Good evening, Schmeebsie. I am not a gardener so I cannot fully appreciate the breadth of your wisdom but I know beauty when I's sees it, yes indeed.
;)


Hope you're feeling better, sooner.

Perhaps I can name a rose in your honor. Hmmm...


--

Carla said...

JBelle, you are invited anytime. The weather is just now nice enough that I'll be getting to my garden. There is something very therapeutic about digging in the dirt.

The Fool said...

Happy Easter, JBelle.

:)

InlandEmpireGirl said...

Thanks for all the information on the roses. I still have a few that may not make it. Maybe I don't use enought dirt and pine needles in the fall! I am eager to see more pictures as your garden grows.

JBelle said...

aw geez. The programmer was able to restore my computer without installing a new operating system after the virus and the worm had me dead in the water. But I guess, in the process, he disabled my picture scan program? dunno. Have another call into him.

I took pictures of the garden yesterday, went home at noon, and had my heart set, MY HEART SET, on posting them. To no avail. So hang in there with me. Seems that every thing in my life is a work in progress at the moment.

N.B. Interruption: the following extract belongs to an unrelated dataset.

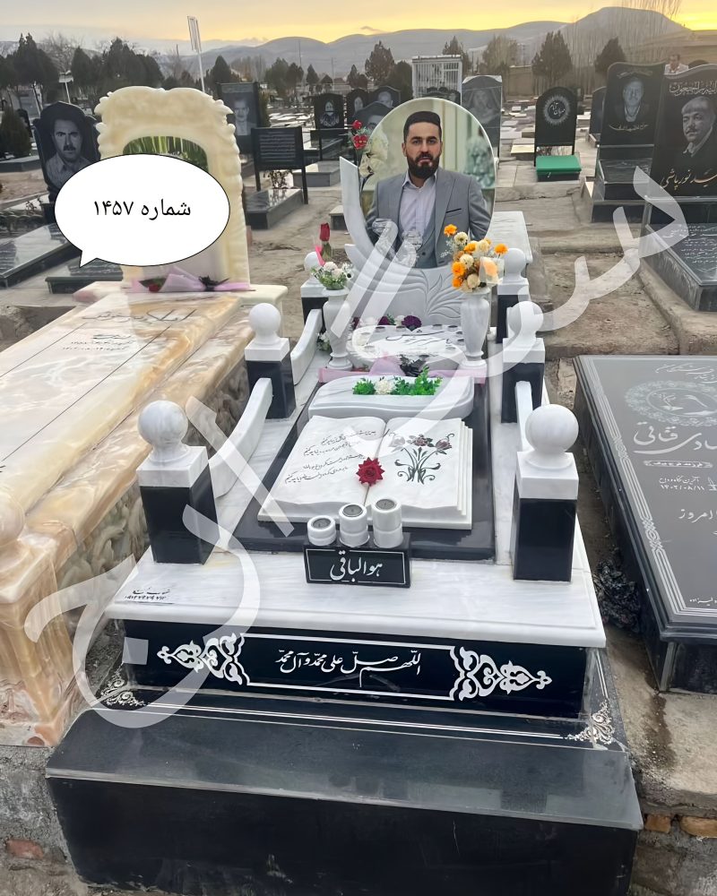 سنگ روی کار بصورت سه تیکه کتابچه . باغچه . قلب از جنس مرمریت ازنا ونصب سنگ یک تکه گرانیت در زیر سه تیکه مرمر به شکل سینی

Voice of Experience: now things are beginning to line up. I'm getting it. The Chows' American Express bill has been much higher lately and I noticed there's been a bump in their Exxon buys. Don Hamilton Commerical Photography is clean across town. The plot thickens. Or unravels. Those darn Chows. If you see a 1962 Chevrolet pickup, restored to mint, careening around corners, will you call me? It's Sylvie, with Cle riding shotgun. I have told them and told them: they should be napping in the afternoon!

Dear Winters: say what you want about the Romans, but they are and were the 'civil' in civilization. I will be stopping by later in the day because now I can HEAR your wizened remarks as this dreadful virus has been exorcised from my keyboard and its domain.

Jules: I'm down for anywhere with Malcolm and you. But you know that. Let's go when the roses are blooming at St. Alban's and Malcolm can get us in to both Peter Beales and at Harken's.

Your Holiness: The Second of May shipment somehow got out the door without a card attached. groan. sigh. fist swat. Hope you could tell by all the fragile!s that You, YOU, are loved and cherished.

Lord Foolish: (big smile here) And you as well. Happy Easter. Thanks for remind me that Alleluia is my song and my privilege. I've been singing a different one lately and it was time for the playchoice to be changed. Not so foolish after all, eh?

IEGirl: I owe you a note. I started once actually but it strikes me that we should just go together and I can show you the ropes and the traps. :) Is there a better buy than a nursery run?

toadman said...

I am jealous of your roses. Simple as that.